• **TASK OBJECTIVE**
The whole listing below, with no pictures, is to be repeated as it stands.

---------- INFORMATION SUPPLIED

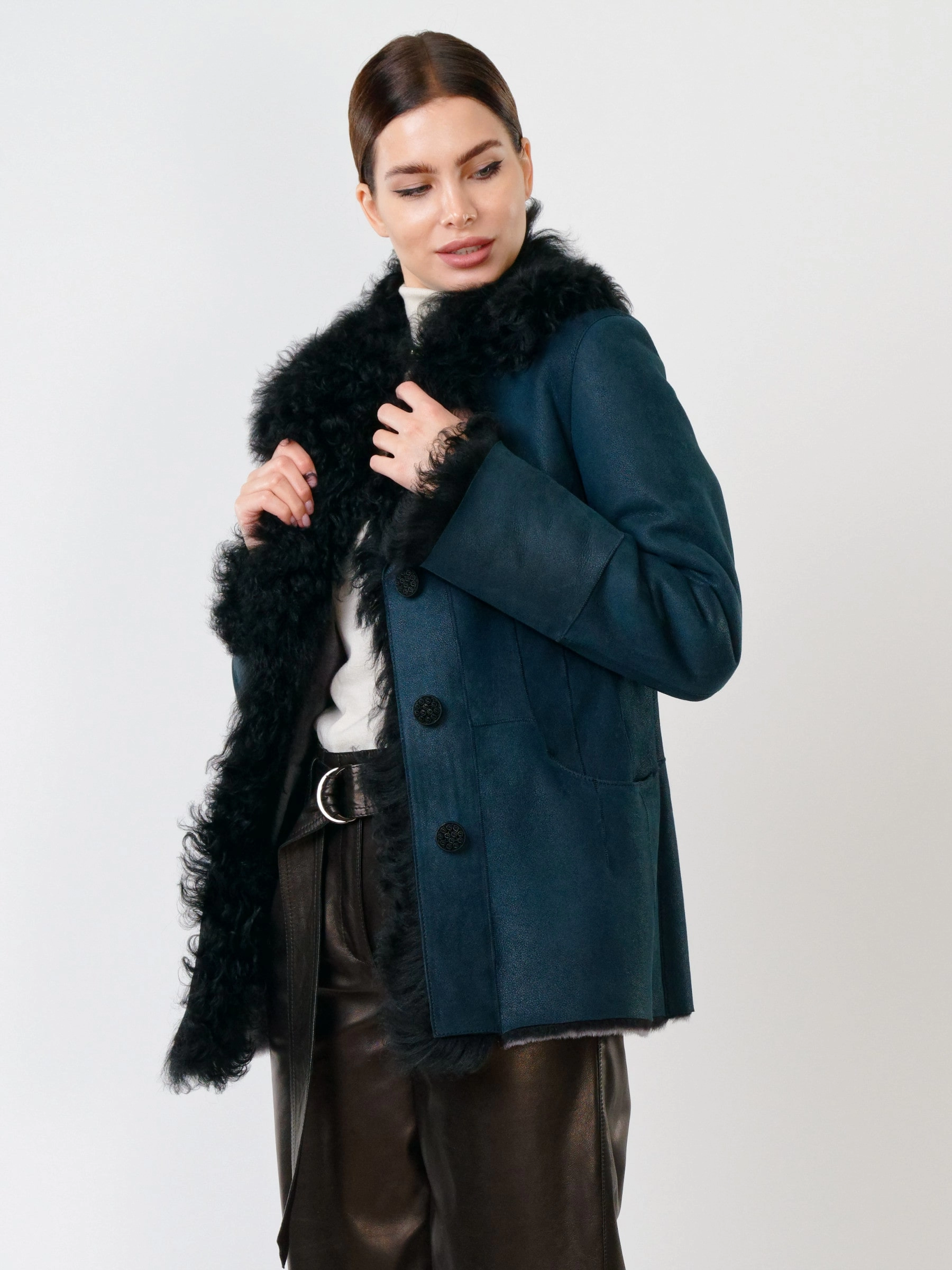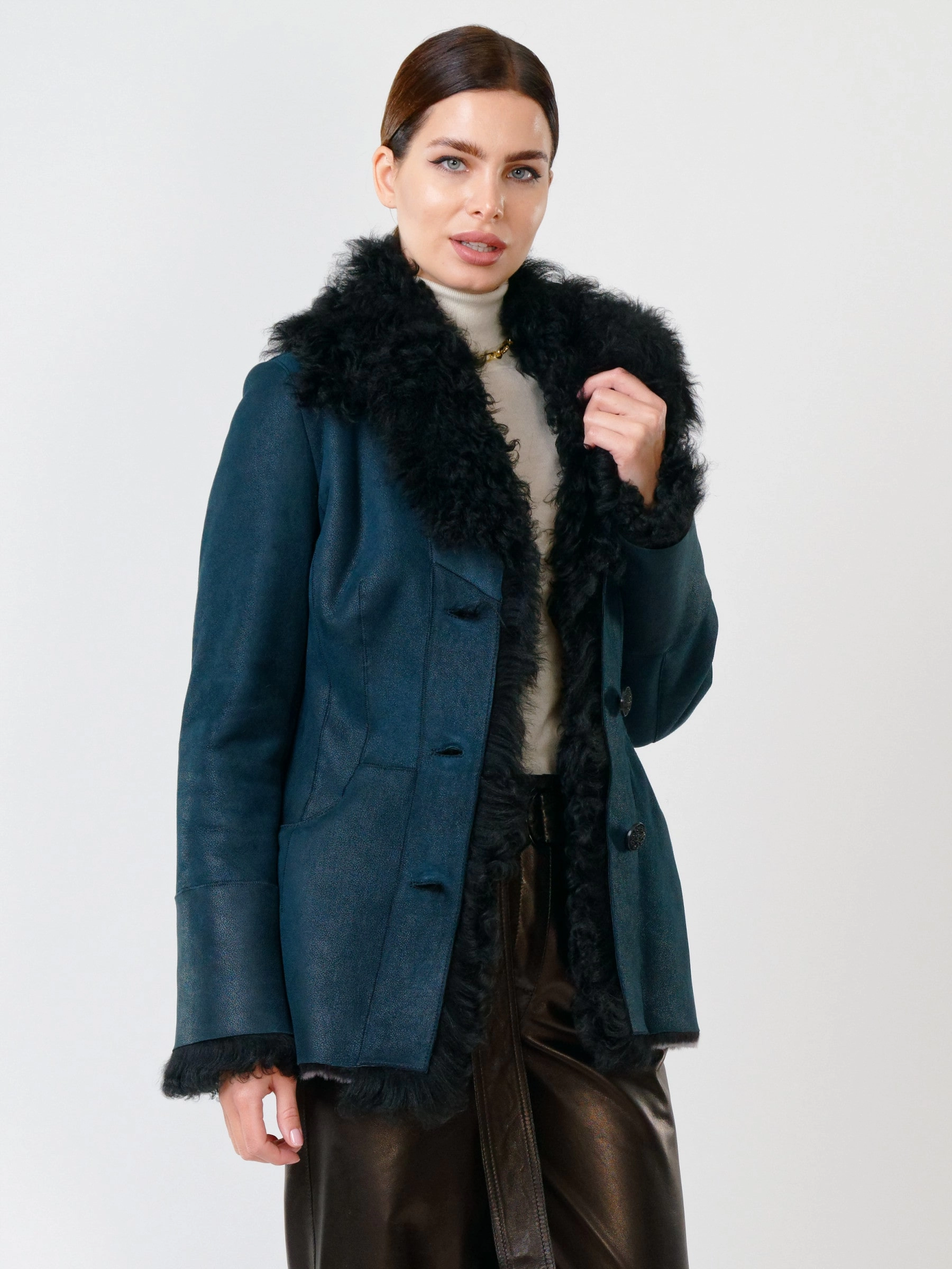 Элегантная короткая дубленка с английским воротником и отделкой из овчины «тиградо» на пуговицах из натуральной овчины «мерино» длиной 70 см представлена в полуприлегающем силуэте с втачными рукавами. Аристократичный воротник, борт и манжеты из эффектной «тиградо» создают роскошный контраст. Функциональные детали – застежка на воротнике для защиты от ветра и регулируемая длина рукавов за счет меховых отворотов – гарантируют комфорт и тепло. Два врезных кармана дополняют образ. Эта утонченная дубленка идеальна в сочетании с брюками-палаццо, юбками-карандаш, водолазками и элегантными сапогами для стильных городских выходов.
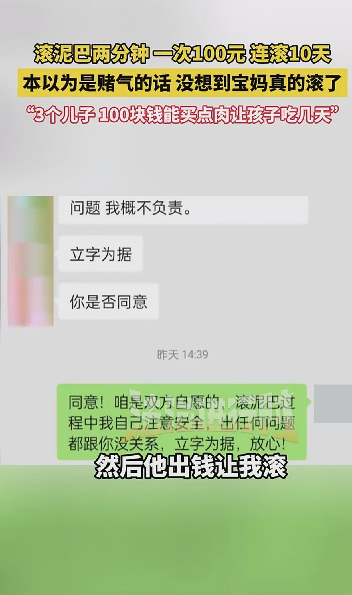 河北邢台,一女子生了个儿子,2胎双胞胎又是儿子,她看视频,有个大哥在滚泥巴,就在视频下面评论:如果有人愿意给我100元,我也滚泥巴。万万没想到,有个男子联系她,说他出钱让女子滚泥巴,滚泥巴10天,每天2分钟,给女子1000元,不料,女子竟然毫不犹豫的答应了,两人立帖为证,女子:100块钱买肉能让我3个儿子吃几天,男子彻底傻眼了。结局出乎意料。 一女子婚后生了个儿子,一家人沉浸在添人进口的欢天喜地里,在农村,第一胎生了个儿子,对于整个家庭来说是件大喜事。 可万万没想到,女子生了二胎,不但还是儿子,竟然还是双胞胎儿子,这可把一家人愁坏了,顿觉压力山大。 众所周知,3孩家庭,把孩子从小养大,不但耗费精力心血,还要花很多钱,他们还要上幼儿园,小学,中学,高中,大学,毕业了还要娶妻生子,父母还要准备房子,彩礼……花钱的日子无休无止,当父母的想想就头大。 可既然孩子生下来了,做父母的就要承担为人父母的责任,让孩子吃好穿暖,接受良好教育,将来学有所成光宗耀祖。 于是,女子的老公起早贪黑在外面挣钱,女子则在家安心照顾3个儿子,一日三餐无微不至,夫妻俩分工明确,但目标一致,把日子过好,让孩子们平安健康,幸福的长大。 这天,女子看视频,一大叔在滚泥巴,女子看后哑然失笑,就在视频下评论,内容是,如果有人给她100元,她也在地上滚泥巴。 这本是一句玩笑话,可有个男子竟然较真起来,他私信女子,说他出钱,让女子在泥塘里滚10天泥巴,一天2分钟100元,要像视频里那个大叔那样,不打折扣滚泥巴2分钟,视频从开始就拍,拍够2分钟结束,但这个过程中,出了问题受了伤,男子概不负责,立帖为证。 不料,女子当即同意,在她看来,男子没有恶意,而这对她来说,是个挣钱的好机会,10天能挣1000元,100元买一大块肉,就够3个儿子吃好几天了,自己又没啥损失,何乐而不为呢? 至于尊严,那都无所谓,面子能值多少钱?他她也没做损人利己的事,那也是凭本事挣钱,弄脏了回家洗洗就好了,这有啥呢? 于是,女子爽快的答应了,并跟男子承诺,这是他们双方自愿的,滚泥巴时她会注意安全,放心,出了问题绝不追究男子的责任,立贴为证。 这回轮到男子目瞪口呆了,他说啥都不会想到,女子竟然是认真的,但男子觉得,自己一个大男人,必须言而有信,绝不能反悔。 就这样,女子每天滚泥巴2分钟,虽然泥沟很脏,但她眼睛一闭就滚动起来,一点都不耍滑头,任凭自己一身脏污,但她得说到做到,得有契约精神。 而男子也言出必行,支付了女子1000元,他们的行为,不管娱乐了谁,但两人都恪守承诺。 对于自己的这段经历,女子没有生男子的气,她也不是被架在那里,不做不行,而是确实想挣这笔钱,给3个儿子改善生活,帮丈夫分担经济压力。 有人看了很感动,想帮女子一把,想联系这个母亲,一天100块,连续30天,每天跑步5分钟,这样既锻炼了她的身体,也能让她挣到钱。 不管调侃还是什么,人家真给钱了,宝妈也真的足时的打滚了,双方都说话算话,无可指责。两位我都敬佩,佩服大哥的言而有信,佩服大姐的母爱如山。 这很好呀,一个愿意滚泥巴,一个愿意给钱 当有钱人真心想帮人时,不一定要给,而是要让需要钱的人,自己挣到钱,这样的善意才是不是最大的福报。 心甘情愿。一个愿打一个愿挨。都是为了自己的私欲。又不影响别人。希望不要去指责这个行为。只能说当全职妈妈不容易。应该多关注这种家庭,让所有人都富裕起来。 《民法典》第143条规定:具备下列条件的民事法律行为有效:(一)行为人具有相应的民事行为能力;(二)意思表示真实;(三)不违反法律、行政法规的强制性规定,不违背公序良俗。 女子与男子都是完全民事行为能力人,成年且精神正常,可独立订立协议。 女子主动评论“愿为100元滚泥巴”,后明确同意协议“爽快答应”“立帖为证”;男子提出要约支付1000元换取10天滚泥巴,女子承诺,双方意思表示一致。 协议内容为劳务服务,滚泥巴表演换取报酬,没违反法律强制性规定;虽涉及人身安全免责条款“受伤概不负责”,但不构成《民法典》第506条规定的“造成对方人身损害”的无效免责情形,因该条款仅针对故意或重大过失造成损害,而协议本身没要求男子提供安全保障措施。 《民法典》第8条:民事主体从事民事活动不得违背公序良俗。 本案中,女子为改善子女生活自愿履约,男子支付合理报酬,没涉及侮辱、欺诈或剥削,不违背公序良俗。 双方劳务合同符合《民法典》第143条要件,男子支付报酬、女子履行义务的行为受法律保护。 人身损害免责条款因违反《民法典》第506条无效,但其他条款,如支付报酬仍有效。 此类活动存在人身安全隐患,组织者应尽到安全提醒义务,否则可能承担侵权责任。 关注@灋律盐究员 学法辩是非,用法止纷争。
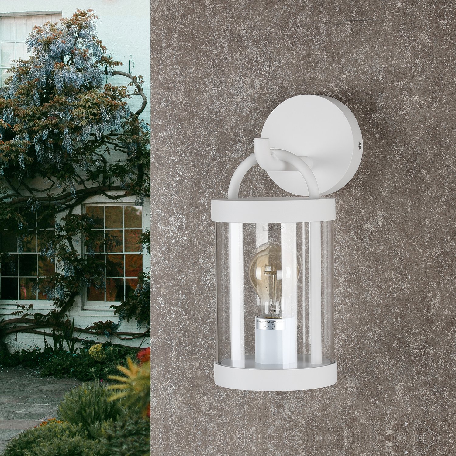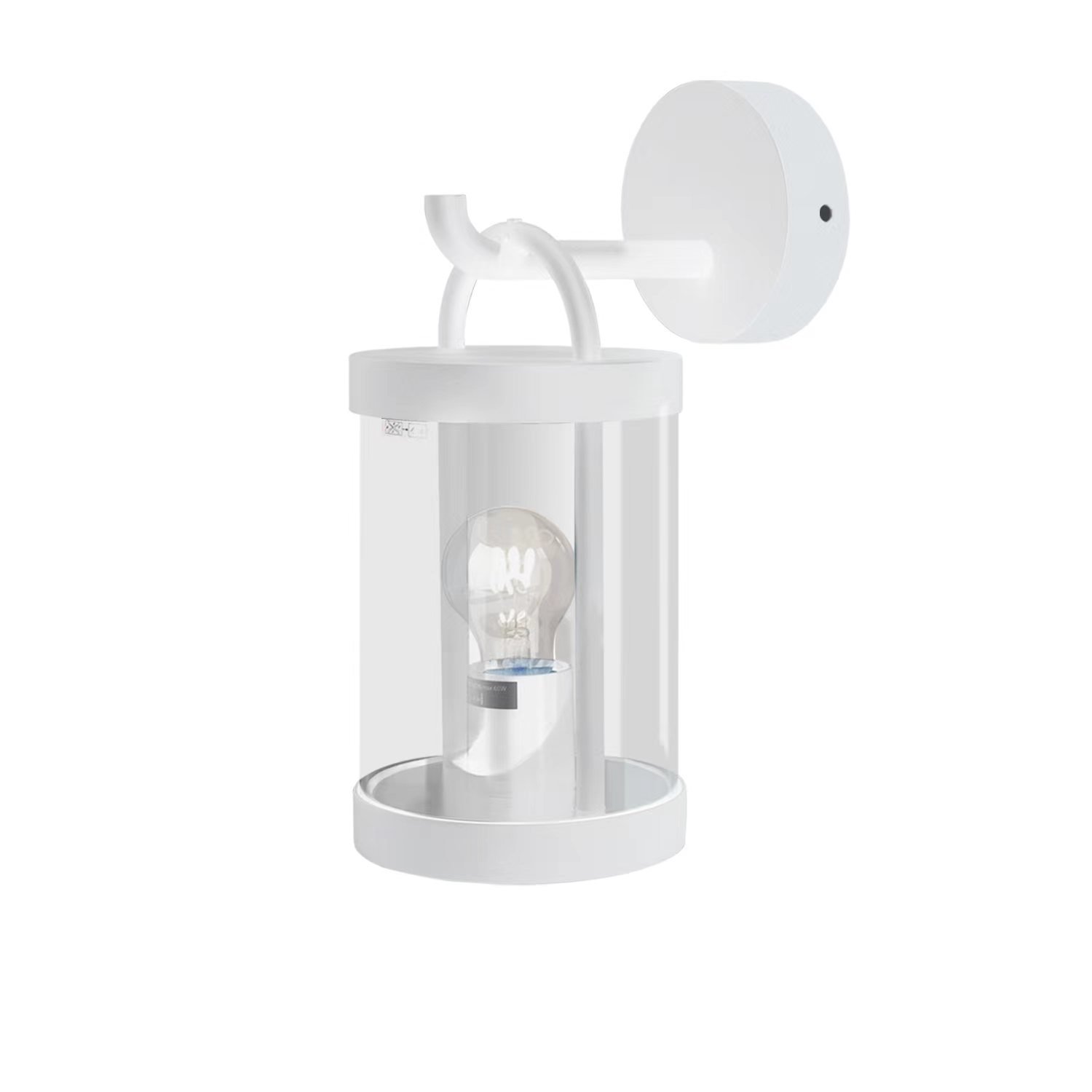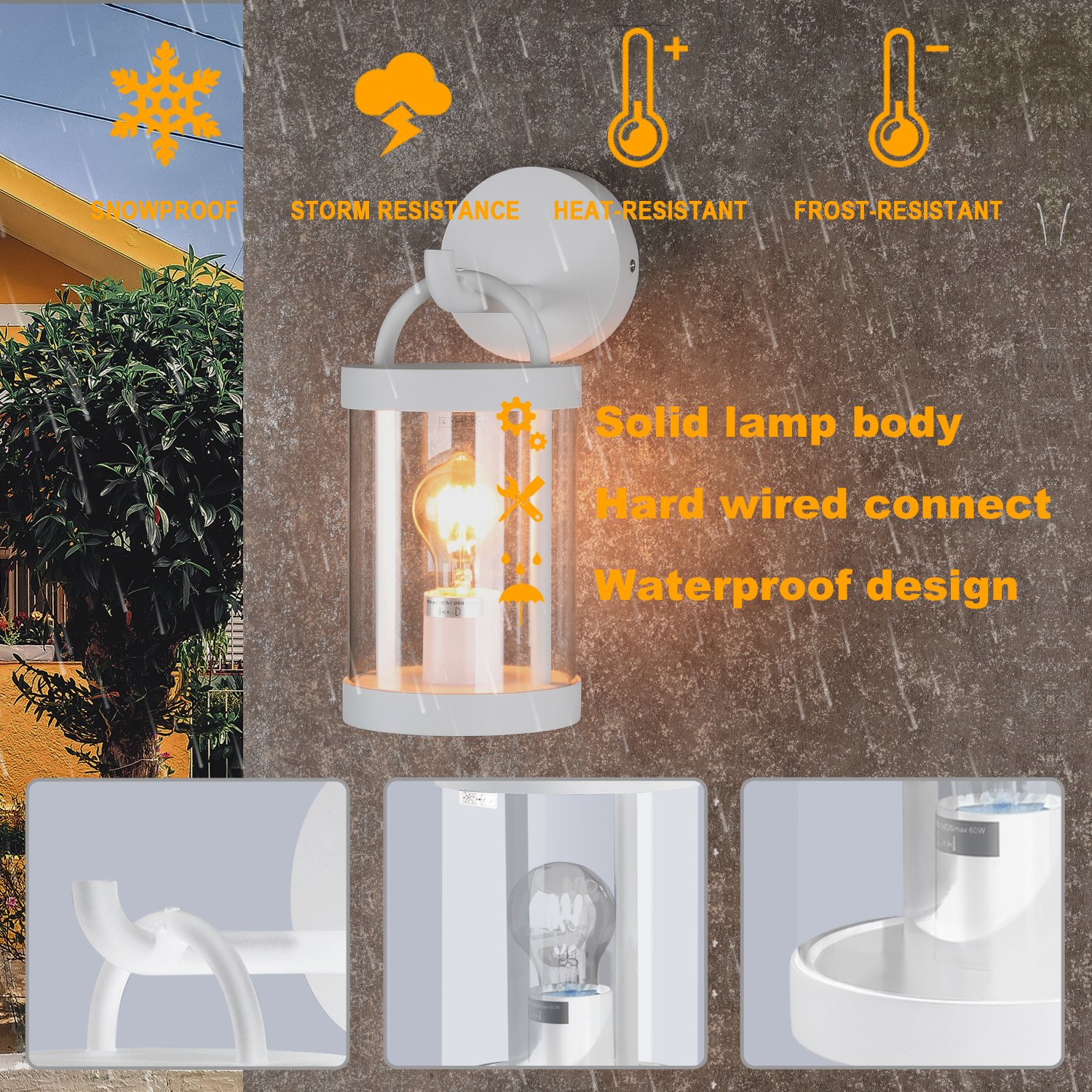 2.Lamp detail: the outdoor light is made of high-quality aluminum, the color is white, hard wired. Lamp size 4.92*7.32*12.99in. Lamp working voltage is 100-120V, Suitable for dimmable E26 bulbs with power lower than 60W.

--------------------

• **RESPONSE TO THE TASK**
 Элегантная короткая дубленка с английским воротником и отделкой из овчины «тиградо» на пуговицах из натуральной овчины «мерино» длиной 70 см представлена в полуприлегающем силуэте с втачными рукавами. Аристократичный воротник, борт и манжеты из эффектной «тиградо» создают роскошный контраст. Функциональные детали – застежка на воротнике для защиты от ветра и регулируемая длина рукавов за счет меховых отворотов – гарантируют комфорт и тепло. Два врезных кармана дополняют образ. Эта утонченная дубленка идеальна в сочетании с брюками-палаццо, юбками-карандаш, водолазками и элегантными сапогами для стильных городских выходов.
 河北邢台,一女子生了个儿子,2胎双胞胎又是儿子,她看视频,有个大哥在滚泥巴,就在视频下面评论:如果有人愿意给我100元,我也滚泥巴。万万没想到,有个男子联系她,说他出钱让女子滚泥巴,滚泥巴10天,每天2分钟,给女子1000元,不料,女子竟然毫不犹豫的答应了,两人立帖为证,女子:100块钱买肉能让我3个儿子吃几天,男子彻底傻眼了。结局出乎意料。 一女子婚后生了个儿子,一家人沉浸在添人进口的欢天喜地里,在农村,第一胎生了个儿子,对于整个家庭来说是件大喜事。 可万万没想到,女子生了二胎,不但还是儿子,竟然还是双胞胎儿子,这可把一家人愁坏了,顿觉压力山大。 众所周知,3孩家庭,把孩子从小养大,不但耗费精力心血,还要花很多钱,他们还要上幼儿园,小学,中学,高中,大学,毕业了还要娶妻生子,父母还要准备房子,彩礼……花钱的日子无休无止,当父母的想想就头大。 可既然孩子生下来了,做父母的就要承担为人父母的责任,让孩子吃好穿暖,接受良好教育,将来学有所成光宗耀祖。 于是,女子的老公起早贪黑在外面挣钱,女子则在家安心照顾3个儿子,一日三餐无微不至,夫妻俩分工明确,但目标一致,把日子过好,让孩子们平安健康,幸福的长大。 这天,女子看视频,一大叔在滚泥巴,女子看后哑然失笑,就在视频下评论,内容是,如果有人给她100元,她也在地上滚泥巴。 这本是一句玩笑话,可有个男子竟然较真起来,他私信女子,说他出钱,让女子在泥塘里滚10天泥巴,一天2分钟100元,要像视频里那个大叔那样,不打折扣滚泥巴2分钟,视频从开始就拍,拍够2分钟结束,但这个过程中,出了问题受了伤,男子概不负责,立帖为证。 不料,女子当即同意,在她看来,男子没有恶意,而这对她来说,是个挣钱的好机会,10天能挣1000元,100元买一大块肉,就够3个儿子吃好几天了,自己又没啥损失,何乐而不为呢? 至于尊严,那都无所谓,面子能值多少钱?他她也没做损人利己的事,那也是凭本事挣钱,弄脏了回家洗洗就好了,这有啥呢? 于是,女子爽快的答应了,并跟男子承诺,这是他们双方自愿的,滚泥巴时她会注意安全,放心,出了问题绝不追究男子的责任,立贴为证。 这回轮到男子目瞪口呆了,他说啥都不会想到,女子竟然是认真的,但男子觉得,自己一个大男人,必须言而有信,绝不能反悔。 就这样,女子每天滚泥巴2分钟,虽然泥沟很脏,但她眼睛一闭就滚动起来,一点都不耍滑头,任凭自己一身脏污,但她得说到做到,得有契约精神。 而男子也言出必行,支付了女子1000元,他们的行为,不管娱乐了谁,但两人都恪守承诺。 对于自己的这段经历,女子没有生男子的气,她也不是被架在那里,不做不行,而是确实想挣这笔钱,给3个儿子改善生活,帮丈夫分担经济压力。 有人看了很感动,想帮女子一把,想联系这个母亲,一天100块,连续30天,每天跑步5分钟,这样既锻炼了她的身体,也能让她挣到钱。 不管调侃还是什么,人家真给钱了,宝妈也真的足时的打滚了,双方都说话算话,无可指责。两位我都敬佩,佩服大哥的言而有信,佩服大姐的母爱如山。 这很好呀,一个愿意滚泥巴,一个愿意给钱 当有钱人真心想帮人时,不一定要给,而是要让需要钱的人,自己挣到钱,这样的善意才是不是最大的福报。 心甘情愿。一个愿打一个愿挨。都是为了自己的私欲。又不影响别人。希望不要去指责这个行为。只能说当全职妈妈不容易。应该多关注这种家庭,让所有人都富裕起来。 《民法典》第143条规定:具备下列条件的民事法律行为有效:(一)行为人具有相应的民事行为能力;(二)意思表示真实;(三)不违反法律、行政法规的强制性规定,不违背公序良俗。 女子与男子都是完全民事行为能力人,成年且精神正常,可独立订立协议。 女子主动评论“愿为100元滚泥巴”,后明确同意协议“爽快答应”“立帖为证”;男子提出要约支付1000元换取10天滚泥巴,女子承诺,双方意思表示一致。 协议内容为劳务服务,滚泥巴表演换取报酬,没违反法律强制性规定;虽涉及人身安全免责条款“受伤概不负责”,但不构成《民法典》第506条规定的“造成对方人身损害”的无效免责情形,因该条款仅针对故意或重大过失造成损害,而协议本身没要求男子提供安全保障措施。 《民法典》第8条:民事主体从事民事活动不得违背公序良俗。 本案中,女子为改善子女生活自愿履约,男子支付合理报酬,没涉及侮辱、欺诈或剥削,不违背公序良俗。 双方劳务合同符合《民法典》第143条要件,男子支付报酬、女子履行义务的行为受法律保护。 人身损害免责条款因违反《民法典》第506条无效,但其他条款,如支付报酬仍有效。 此类活动存在人身安全隐患,组织者应尽到安全提醒义务,否则可能承担侵权责任。 关注@灋律盐究员 学法辩是非,用法止纷争。
 2.Lamp detail: the outdoor light is made of high-quality aluminum, the color is white, hard wired. Lamp size 4.92*7.32*12.99in. Lamp working voltage is 100-120V, Suitable for dimmable E26 bulbs with power lower than 60W.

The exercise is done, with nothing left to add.